Kubernetes: the new Gateway API
Transitioning K8S towards the Gateway API
We’ve heard the chatter about the retirement of the ingress-nginx ingress-controller. It seems to be a hot topic! We’ve had quite a few people ask:
“Hey OSSO, have you seen this already?"
Yes! We have!
Actually, we’re right on top of it. We plan to smoothly transition and adapt, and today we want to clarify OSSO’s approach going forward.
This post outlines the transition from the established Kubernetes Ingress resource to its successor Gateway API, detailing the reasons for the transition, our proposed migration path, and the key architectural concepts.
The Ingress Resource: End of an Era
The original Kubernetes Ingress resource (kubernetes.io/ingress/v1), while fundamental, has reached a point of stagnation in its development lifecycle. The resource is effectively considered “frozen” — that means no new functionality or significant enhancements will be added to its core specification.
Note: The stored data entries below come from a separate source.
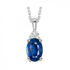 A deep blue 3/8 carat sapphire pairs with 1/50 carat of diamonds in this 10K white gold pendant—simple, rich, and timeless.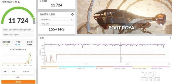 光追Port Royal评分高达11724,这意味着RTX 4080显卡已经完全拿下了光追特效,再也不用担心高分辨率下开光追帧数不足的问题了。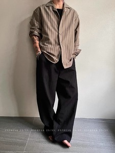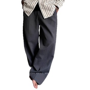 テクスチャードアイスシルクプリーツオールドマネーストライプカジュアルパンツメンズ2025夏新スタイルドレープルーズ万能ロングパンツ

The move toward the newer Gateway API is something we were already anticipating. However, the timeline was significantly accelerated by the “Ingress NGINX Retirement” announcement on November 11, 2025. Since OSSO — and by extension, many of you — implemented this solution widely, and it is now nearing the end of its support lifecycle, a timely migration is essential for the health of our Kubernetes infrastructure.
What is the Gateway API? (And do we really need it?)
Do we need it?
No, not necessarily. We could simply switch to another well-maintained ingress controller that supports the old spec.
However, at OSSO, we like to stay current with new developments. And this seems like the perfect moment not to dive into learning how another legacy ingress controller works (and how to troubleshoot it), but rather to embrace the future of routing Kubernetes traffic using the Gateway API.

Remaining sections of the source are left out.